## What you will do
Exact copy, no pictures: output all the records that follow.

********************

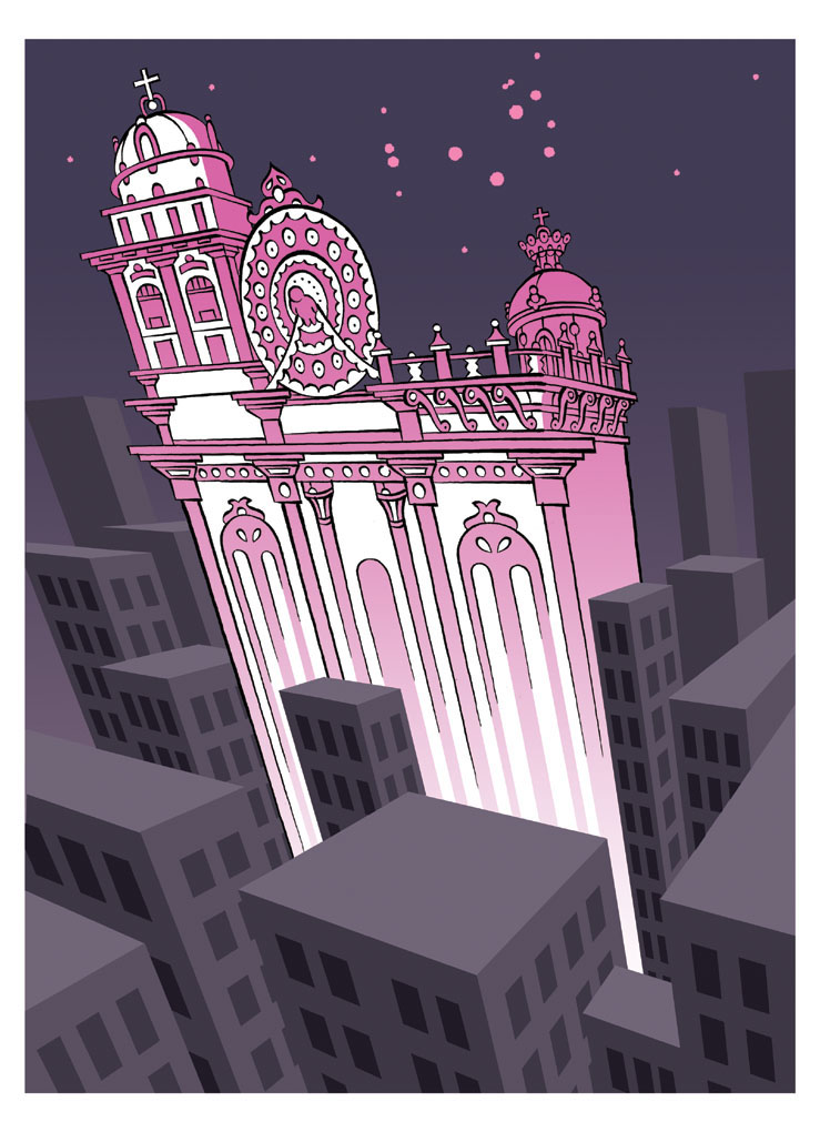 Oorspronkelijk was het idee bedoeld om als schilderij uit te werken. Maar de schildermaterialen zijn reeds enkele jaren geleden aan de wilgen gehangen. De nog aanwezige ideeen zijn nu weer opgediept om te worden uitgewerkt als digitaal ingekleurde tekening, zoals deze. De afgebeelde kerk is een gestileerde versie van een reisschets uit Guatemala.
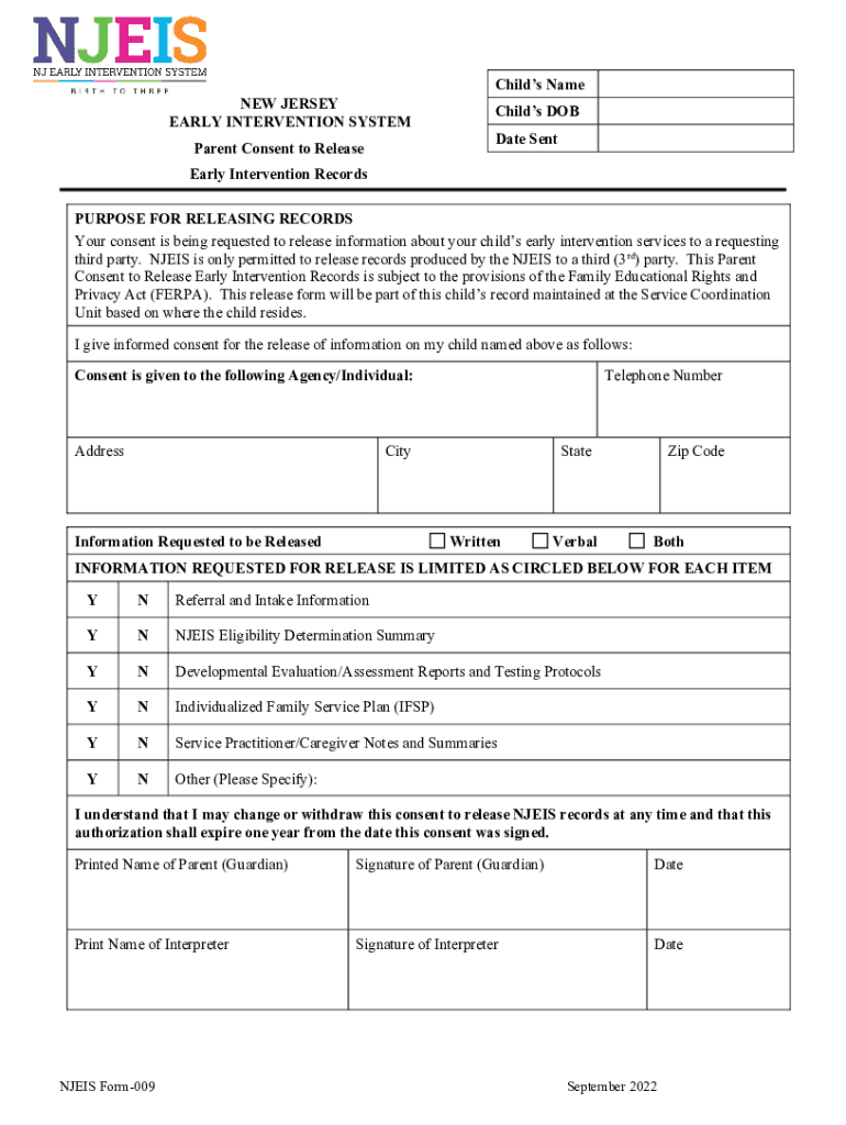 NEW JERSEY EARLY INTERVENTION SYSTEM Parent Consent to ReleaseChilds Name Child's DOB Date Nearly Intervention Records PURPOSE FOR RELEASING RECORDS Your consent is being requested to release information
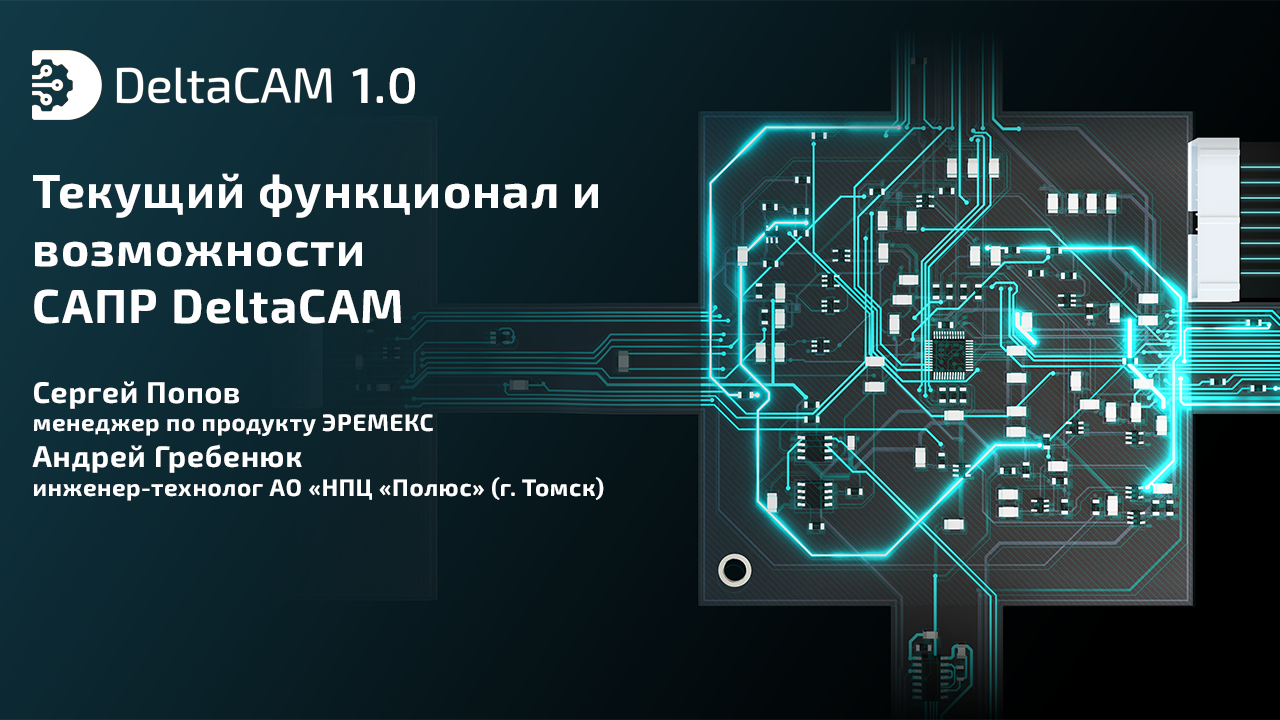Публикуем запись онлайн-семинара от 29.02.24, посвященного актуальному функционалу САПР DeltaCAM, предназначенной для просмотра, редактирования, верификации и создания производственных файлов. В первой части вебинара были рассмотрены: - работа (импорт/экспорт) с Gerber и Drill файлами; - редактирование объектов на слоях проектов (создание апертур, макро-апертур); - создание стека слоев и пути фрезеровки; - возможности по созданию заготовки и размещению на ней проектов. Также будут затронуты вопросы взаимодействия DeltaCAM с Delta Design и другими САПР печатных плат. Во второй части онлайн-семинара сделан краткий обзор бета-тестирования программного продукта, проведенного на предприятии АО «НПЦ «Полюс», г. Томск. Провели вебинар Сергей Попов, менеджер по продукту компании ЭРЕМЕКС, и Андрей Гребенюк , инженер-технолог лаборатории печатного монтажа, изготовления фотошаблонов и автоматизации технологических процессов АО «НПЦ «Полюс» (г. Томск). Задать свой вопрос и узнать больше о системе Delta Design вы можете на сайте http://eremex.ru/
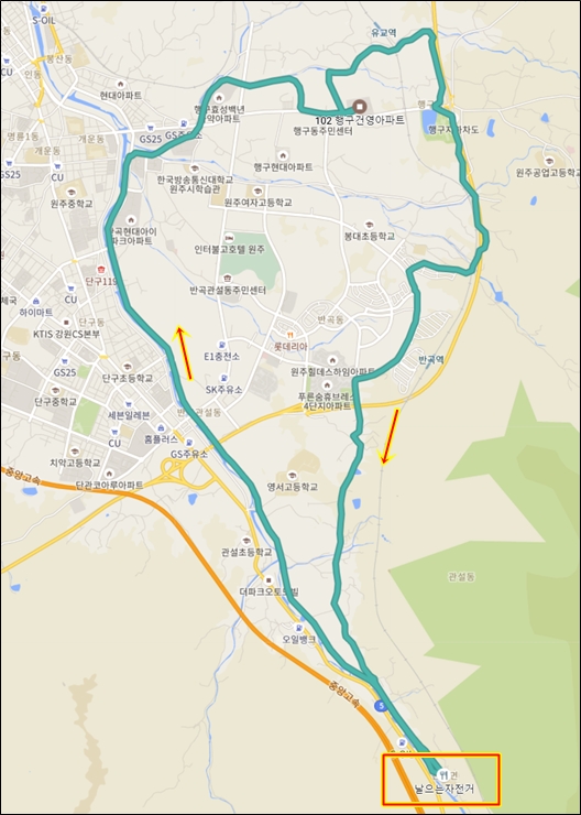 원주천을 따라 번개처럼 돌아옴
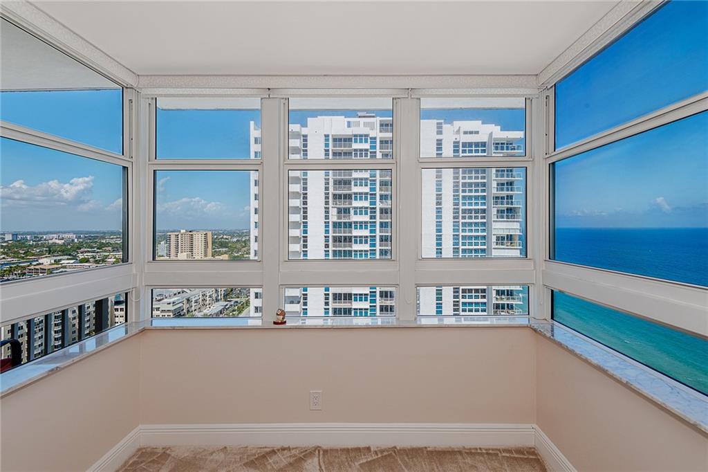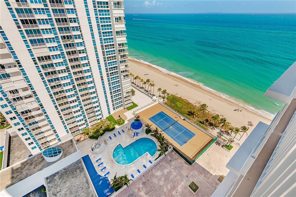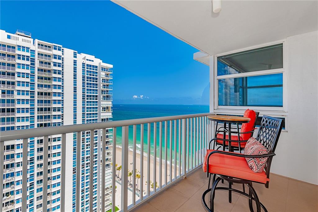 BEAUTIFUL 2/2 LUXURY OCEANFRONT CONDO, SMACK ON THE SAND. GEORGEOUS OCEAN & INTRACOASTAL VIEWS FROM BOTH BEDROOMS & BALCONY, WHICH IS PROTECTED FOM THE WIND & OFFERS PLENTY OF SHADE. TOTALLY RENOVATED & REMODELED AT A COST OF OVER $110k. FABULOUS NEW KITCHEN WITH MARBLE COUNTERS & HIGH END SAMSUNG APPLIANCES. CLOSETS GALORE. LARGE MASTER BR HAS SITTING AREA NOOK. GUEST BEDROOM HAS BUILT IN MURPHY BED & CUSTOM WORKSPACE. ALL IMPACT WINDOWS & SLIDING DOORS. LOW MONTHLY HOA FEE INCLUDES INTERNET & CABLE W/ HBO. BUILDING IS WELL MANAGED AND MAINTAINED. THIS IS RESORT STYLE LIVING. ENTERTAIN IN THE ROOFTOP SKY LOUNGE W/ PANORAMIC VIEWS OF THE OCEAN AND BEACHES. 24 HOUR SECURITY, HEATED POOL & JACUZZI, TENNIS & PICKLEBALL COURT, SAUNA, GYM GAME ROOM & UPPER LEVEL GARAGE PARKING. COME SEE!
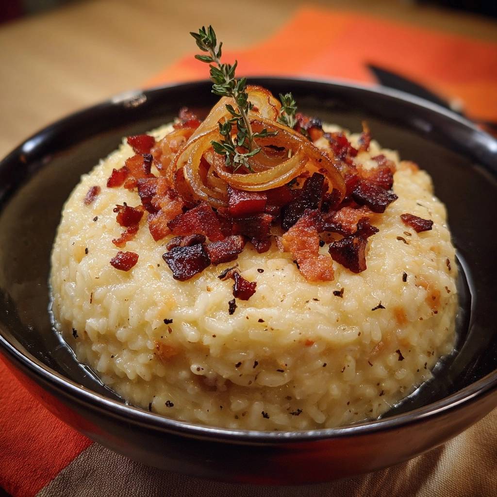 Cremiges Risotto mit knusprigem Speck & karamellisierten Zwiebeln
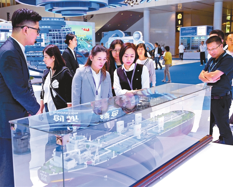 ? Visitors gather around a ship model at China Merchants Group’s booth during the 2025 China Marine Economy Expo, which opened at the Shenzhen World Exhibition & Convention Center in Bao’an District yesterday. The expo will last through Thursday. P3>Li Zhong |
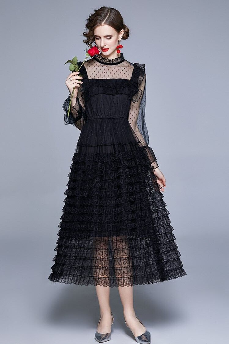 ワンピース ロングスカート 長袖 襟なし かわいい 大人可愛い きれいめ シンプル 大人 上品 おしゃれ お洒落 かっこいい レトロ 大人可愛い 大人女子 クール モード系 エレガント ドット柄 20代 30代 レディース 女性用 OL デート お出かけ 女子会 お泊まり 休日 パーティー イベント ホテル レストラン 韓国 韓国系 オルチャン ファッション コーデ スタイル 体系カバー サイズ S M L XL 2XL 色展開 黒 ブラック | Bonny Me

********************

## Result for this task
 Oorspronkelijk was het idee bedoeld om als schilderij uit te werken. Maar de schildermaterialen zijn reeds enkele jaren geleden aan de wilgen gehangen. De nog aanwezige ideeen zijn nu weer opgediept om te worden uitgewerkt als digitaal ingekleurde tekening, zoals deze. De afgebeelde kerk is een gestileerde versie van een reisschets uit Guatemala.
 NEW JERSEY EARLY INTERVENTION SYSTEM Parent Consent to ReleaseChilds Name Child's DOB Date Nearly Intervention Records PURPOSE FOR RELEASING RECORDS Your consent is being requested to release information
Публикуем запись онлайн-семинара от 29.02.24, посвященного актуальному функционалу САПР DeltaCAM, предназначенной для просмотра, редактирования, верификации и создания производственных файлов. В первой части вебинара были рассмотрены: - работа (импорт/экспорт) с Gerber и Drill файлами; - редактирование объектов на слоях проектов (создание апертур, макро-апертур); - создание стека слоев и пути фрезеровки; - возможности по созданию заготовки и размещению на ней проектов. Также будут затронуты вопросы взаимодействия DeltaCAM с Delta Design и другими САПР печатных плат. Во второй части онлайн-семинара сделан краткий обзор бета-тестирования программного продукта, проведенного на предприятии АО «НПЦ «Полюс», г. Томск. Провели вебинар Сергей Попов, менеджер по продукту компании ЭРЕМЕКС, и Андрей Гребенюк , инженер-технолог лаборатории печатного монтажа, изготовления фотошаблонов и автоматизации технологических процессов АО «НПЦ «Полюс» (г. Томск). Задать свой вопрос и узнать больше о системе Delta Design вы можете на сайте http://eremex.ru/
 원주천을 따라 번개처럼 돌아옴
 BEAUTIFUL 2/2 LUXURY OCEANFRONT CONDO, SMACK ON THE SAND. GEORGEOUS OCEAN & INTRACOASTAL VIEWS FROM BOTH BEDROOMS & BALCONY, WHICH IS PROTECTED FOM THE WIND & OFFERS PLENTY OF SHADE. TOTALLY RENOVATED & REMODELED AT A COST OF OVER $110k. FABULOUS NEW KITCHEN WITH MARBLE COUNTERS & HIGH END SAMSUNG APPLIANCES. CLOSETS GALORE. LARGE MASTER BR HAS SITTING AREA NOOK. GUEST BEDROOM HAS BUILT IN MURPHY BED & CUSTOM WORKSPACE. ALL IMPACT WINDOWS & SLIDING DOORS. LOW MONTHLY HOA FEE INCLUDES INTERNET & CABLE W/ HBO. BUILDING IS WELL MANAGED AND MAINTAINED. THIS IS RESORT STYLE LIVING. ENTERTAIN IN THE ROOFTOP SKY LOUNGE W/ PANORAMIC VIEWS OF THE OCEAN AND BEACHES. 24 HOUR SECURITY, HEATED POOL & JACUZZI, TENNIS & PICKLEBALL COURT, SAUNA, GYM GAME ROOM & UPPER LEVEL GARAGE PARKING. COME SEE!
 Cremiges Risotto mit knusprigem Speck & karamellisierten Zwiebeln
 ? Visitors gather around a ship model at China Merchants Group’s booth during the 2025 China Marine Economy Expo, which opened at the Shenzhen World Exhibition & Convention Center in Bao’an District yesterday. The expo will last through Thursday. P3>Li Zhong |
 ワンピース ロングスカート 長袖 襟なし かわいい 大人可愛い きれいめ シンプル 大人 上品 おしゃれ お洒落 かっこいい レトロ 大人可愛い 大人女子 クール モード系 エレガント ドット柄 20代 30代 レディース 女性用 OL デート お出かけ 女子会 お泊まり 休日 パーティー イベント ホテル レストラン 韓国 韓国系 オルチャン ファッション コーデ スタイル 体系カバー サイズ S M L XL 2XL 色展開 黒 ブラック | Bonny Me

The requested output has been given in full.